*** Materials provided ***

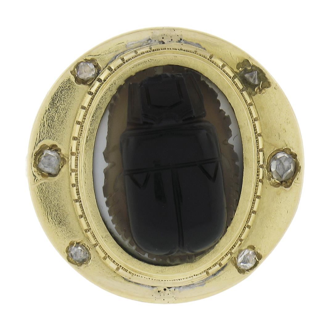 18k Yellow Gold Bezel Set Carved Hard Stone Scarab w/ Rose Cut Diamonds Ring
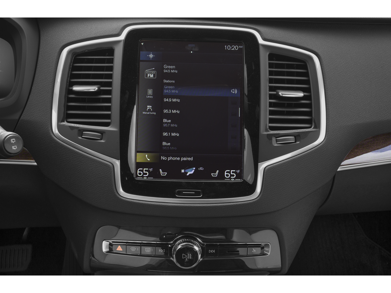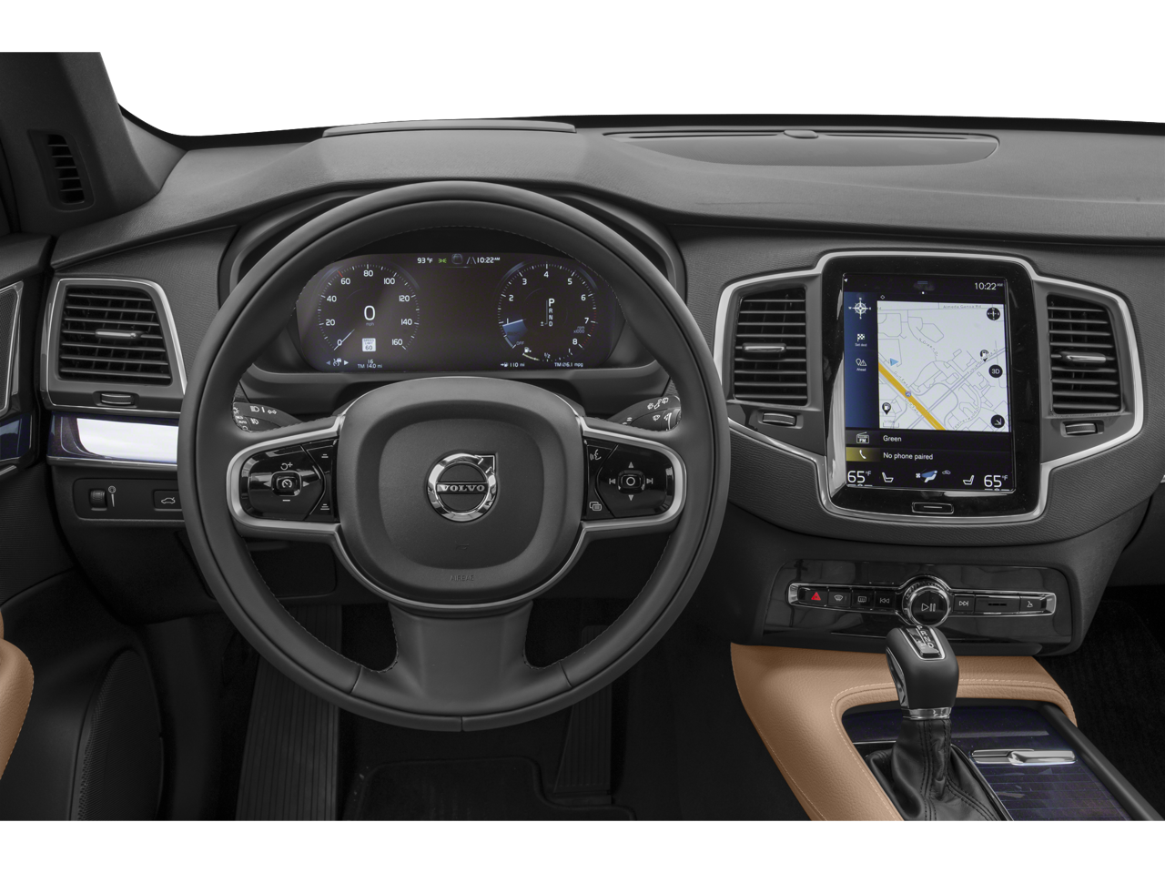 This 2019 Volvo XC90 is equipped with AWD, Charcoal Leather, Navigation System, 10 Speakers, 3rd row seats: bucket, 4-Wheel Disc Brakes, ABS brakes, Air Conditioning, Alloy wheels, AM/FM radio: SiriusXM, Anti-whiplash front head restraints, Apple CarPlay/Android Auto, Auto High-beam Headlights, Auto-dimming door mirrors, Auto-dimming Rear-View mirror, Automatic temperature control, Brake assist, Bumpers: body-color, Delay-off headlights, Driver door bin, Driver vanity mirror, Dual front impact airbags, Dual front side impact airbags, Electronic Stability Control, Emergency communication system: Volvo On-Call, Exterior Parking Camera Rear, Four wheel independent suspension, Front anti-roll bar, Front Bucket Seats, Front Center Armrest w/Storage, Front dual zone A/C, Front fog lights, Front reading lights, Fully automatic headlights, Garage door transmitter: HomeLink, Headlight cleaning, Heated door mirrors, Heated Front Bucket Seats, Heated front seats, Illuminated entry, Knee airbag, Leather Seating Surfaces w/Charcoal Interior, Leather Shift Knob, Low tire pressure warning, Memory seat, Occupant sensing airbag, Outside temperature display, Overhead airbag, Panic alarm, Passenger door bin, Passenger vanity mirror, Power door mirrors, Power driver seat, Power Liftgate, Power moonroof, Power passenger seat, Power steering, Power windows, Premium audio system: Sensus Connect, Radio data system, Radio: High Performance Audio System w/Sensus Nav, Rain sensing wipers, Rear air conditioning, Rear anti-roll bar, Rear dual zone A/C, Rear fog lights, Rear reading lights, Rear seat center armrest, Rear window defroster, Rear window wiper, Remote keyless entry, Roof rack: rails only, Security system, Speed control, Speed-sensing steering, Split folding rear seat, Spoiler, Steering wheel mounted audio controls, Tachometer, Telescoping steering wheel, Tilt steering wheel, Traction control, Trip computer, Turn signal indicator mirrors, Variably intermittent wipers, and Wheels: 19 10-Spoke Turbine in Silver Bright.
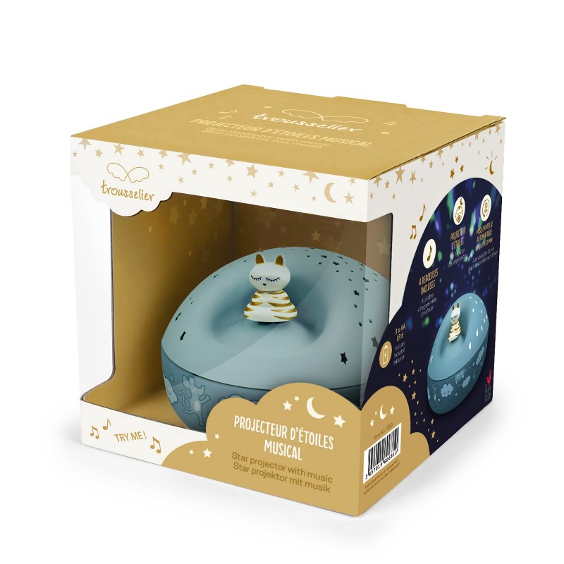 TROUSSELIER – Chat – Veilleuse – Idéal Cadeau Enfant – Projecteur d’Etoiles Musical – Figurine rotative – Piles incluses
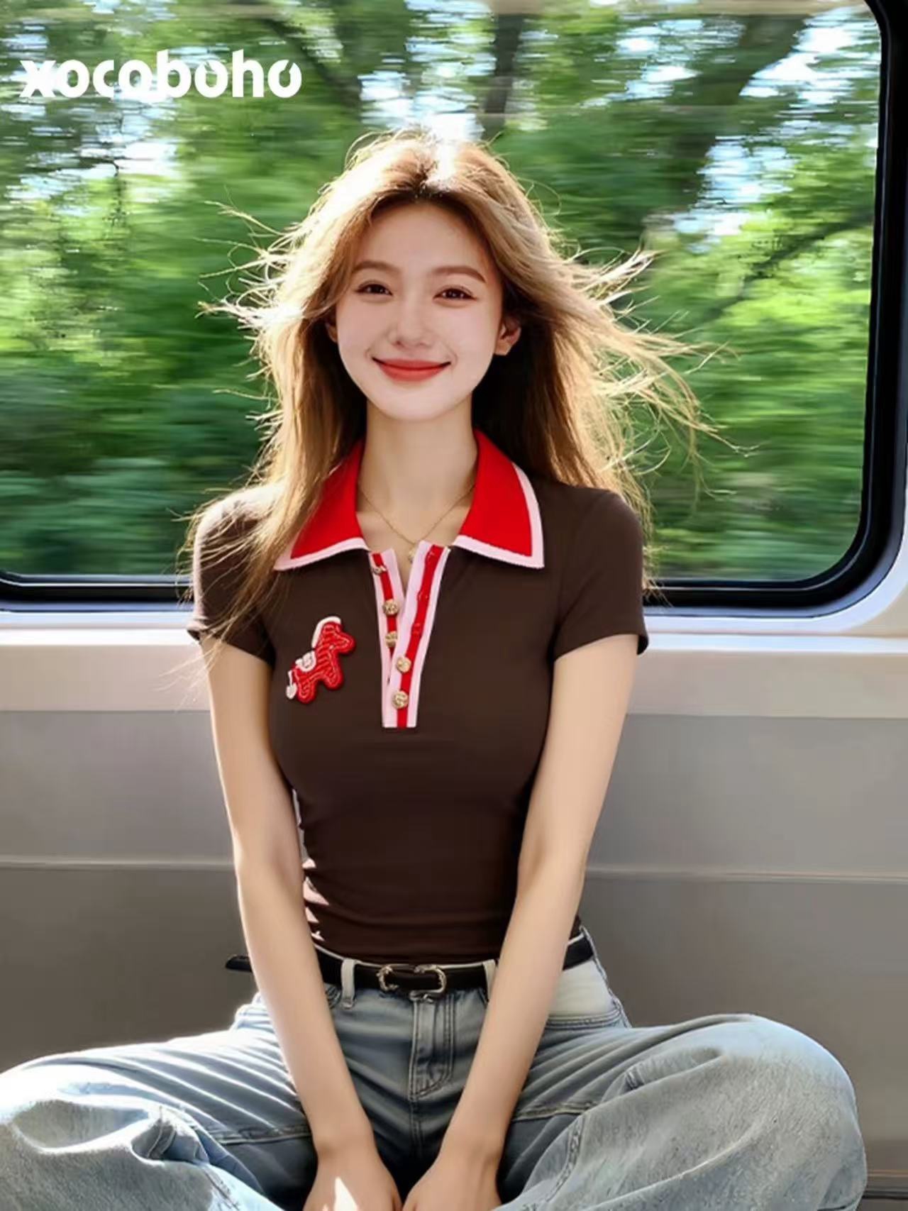 RY2416# 2026夏季独特超好看单穿上衣小众不撞款Polo领咖色短袖t恤打底衫
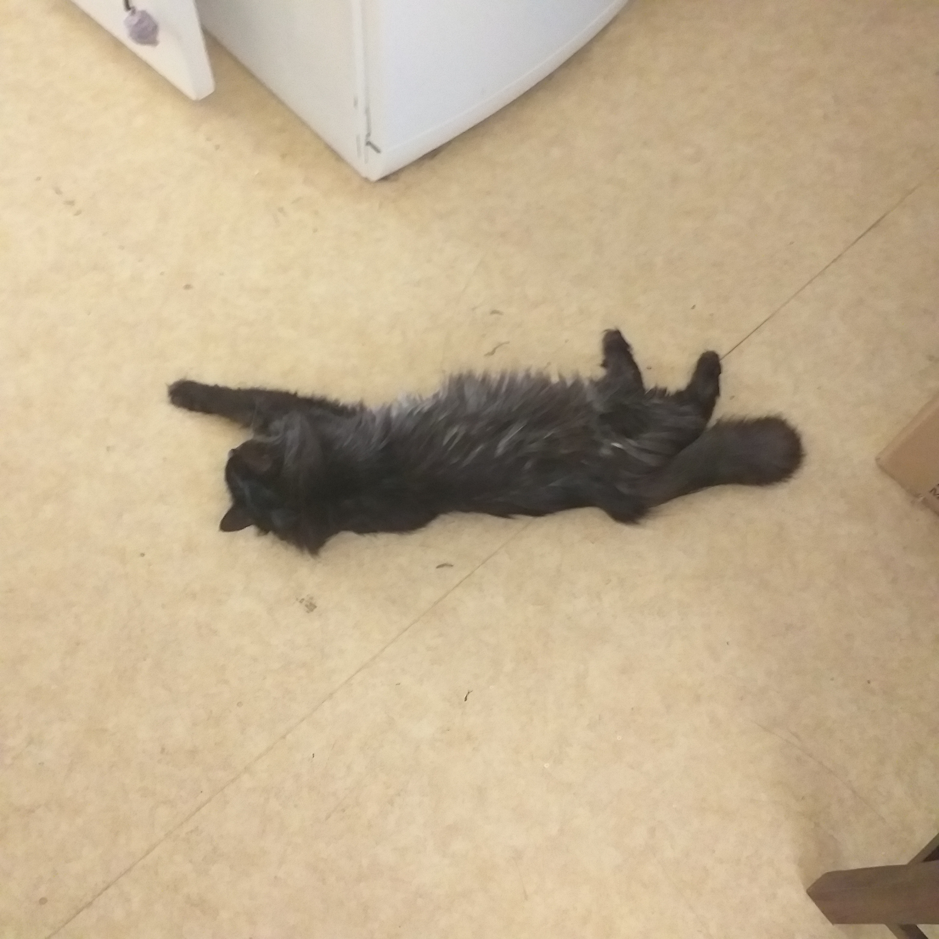 En utslängd mager räka. (Varför använder han inte kylbädden? Hur svalt är golvet i jämförelse?)
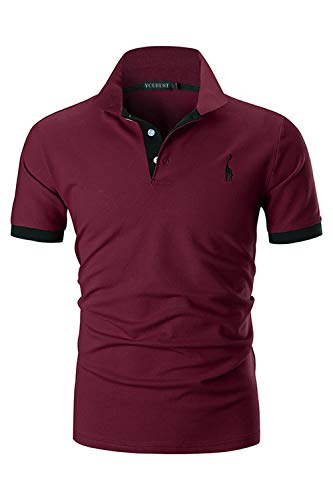 YCUEUST Uomo Cotone Giraffa Ricamo Manica Corta Polo Tennis Golf Casual T-Shirt Rosso Medium
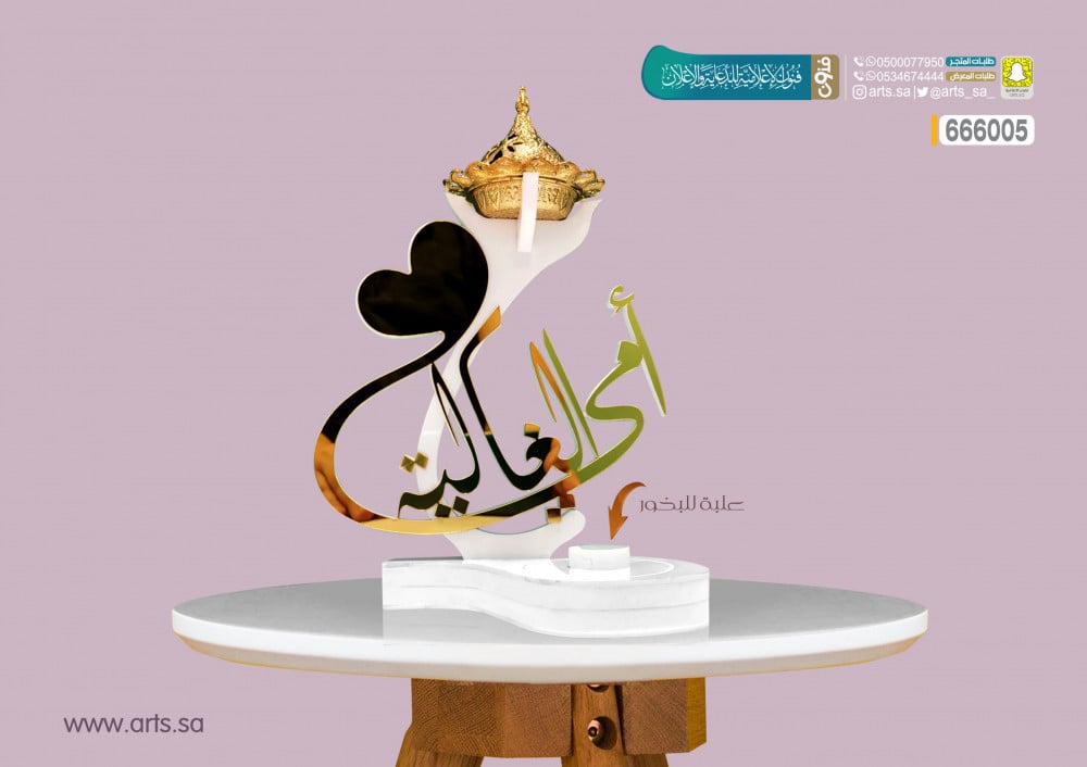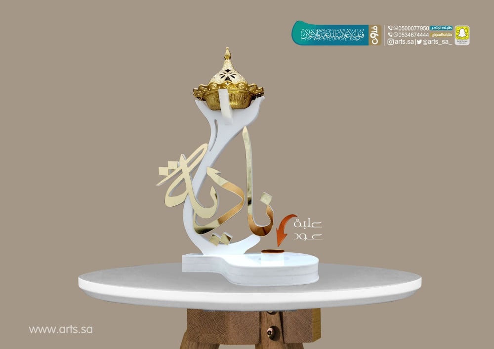 مبخرة اكريلك ( ابيض ) مع الاسم + علبة للعود 66600002
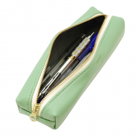 発色が良く、手に馴染む合皮素材を使用したペンケースです。内側には「IT ALL DEPENDS ON HOW YOU SEE AND INTERPRET THINGS」のメッセージが刻まれています。
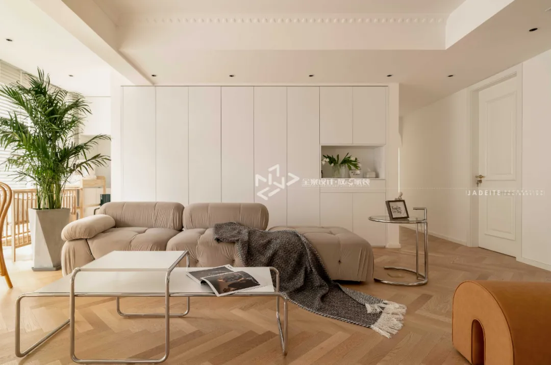 奶油白、雅緻棕、自然木,拉滿客廳獨一無二的氛圍,去除客廳後面的房間,做成衣帽間,把客廳擴大,讓空間整體通透開闊舒服大氣。
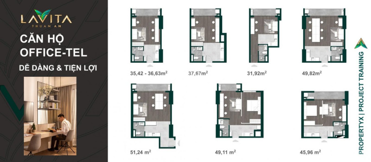 - Officetel: DT 35 - 51m2.
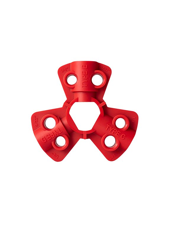 ESPECIFICAÇÃO: Dispositivo de Bloqueio para engate rápido confeccionado em Nylon na cor vermelho. Possibilita bloqueio de até 03 fontes (11mm, 12,5mm e 15mm) de maneira simultânea.

*** End of Materials provided ***

What the task requires: Your answer must be the full set of entries, set down exactly and without pictures.

Output of the task:
 18k Yellow Gold Bezel Set Carved Hard Stone Scarab w/ Rose Cut Diamonds Ring
 This 2019 Volvo XC90 is equipped with AWD, Charcoal Leather, Navigation System, 10 Speakers, 3rd row seats: bucket, 4-Wheel Disc Brakes, ABS brakes, Air Conditioning, Alloy wheels, AM/FM radio: SiriusXM, Anti-whiplash front head restraints, Apple CarPlay/Android Auto, Auto High-beam Headlights, Auto-dimming door mirrors, Auto-dimming Rear-View mirror, Automatic temperature control, Brake assist, Bumpers: body-color, Delay-off headlights, Driver door bin, Driver vanity mirror, Dual front impact airbags, Dual front side impact airbags, Electronic Stability Control, Emergency communication system: Volvo On-Call, Exterior Parking Camera Rear, Four wheel independent suspension, Front anti-roll bar, Front Bucket Seats, Front Center Armrest w/Storage, Front dual zone A/C, Front fog lights, Front reading lights, Fully automatic headlights, Garage door transmitter: HomeLink, Headlight cleaning, Heated door mirrors, Heated Front Bucket Seats, Heated front seats, Illuminated entry, Knee airbag, Leather Seating Surfaces w/Charcoal Interior, Leather Shift Knob, Low tire pressure warning, Memory seat, Occupant sensing airbag, Outside temperature display, Overhead airbag, Panic alarm, Passenger door bin, Passenger vanity mirror, Power door mirrors, Power driver seat, Power Liftgate, Power moonroof, Power passenger seat, Power steering, Power windows, Premium audio system: Sensus Connect, Radio data system, Radio: High Performance Audio System w/Sensus Nav, Rain sensing wipers, Rear air conditioning, Rear anti-roll bar, Rear dual zone A/C, Rear fog lights, Rear reading lights, Rear seat center armrest, Rear window defroster, Rear window wiper, Remote keyless entry, Roof rack: rails only, Security system, Speed control, Speed-sensing steering, Split folding rear seat, Spoiler, Steering wheel mounted audio controls, Tachometer, Telescoping steering wheel, Tilt steering wheel, Traction control, Trip computer, Turn signal indicator mirrors, Variably intermittent wipers, and Wheels: 19 10-Spoke Turbine in Silver Bright.
 TROUSSELIER – Chat – Veilleuse – Idéal Cadeau Enfant – Projecteur d’Etoiles Musical – Figurine rotative – Piles incluses
 RY2416# 2026夏季独特超好看单穿上衣小众不撞款Polo领咖色短袖t恤打底衫
 En utslängd mager räka. (Varför använder han inte kylbädden? Hur svalt är golvet i jämförelse?)
 YCUEUST Uomo Cotone Giraffa Ricamo Manica Corta Polo Tennis Golf Casual T-Shirt Rosso Medium
 مبخرة اكريلك ( ابيض ) مع الاسم + علبة للعود 66600002
 発色が良く、手に馴染む合皮素材を使用したペンケースです。内側には「IT ALL DEPENDS ON HOW YOU SEE AND INTERPRET THINGS」のメッセージが刻まれています。
 奶油白、雅緻棕、自然木,拉滿客廳獨一無二的氛圍,去除客廳後面的房間,做成衣帽間,把客廳擴大,讓空間整體通透開闊舒服大氣。
 - Officetel: DT 35 - 51m2.
 ESPECIFICAÇÃO: Dispositivo de Bloqueio para engate rápido confeccionado em Nylon na cor vermelho. Possibilita bloqueio de até 03 fontes (11mm, 12,5mm e 15mm) de maneira simultânea.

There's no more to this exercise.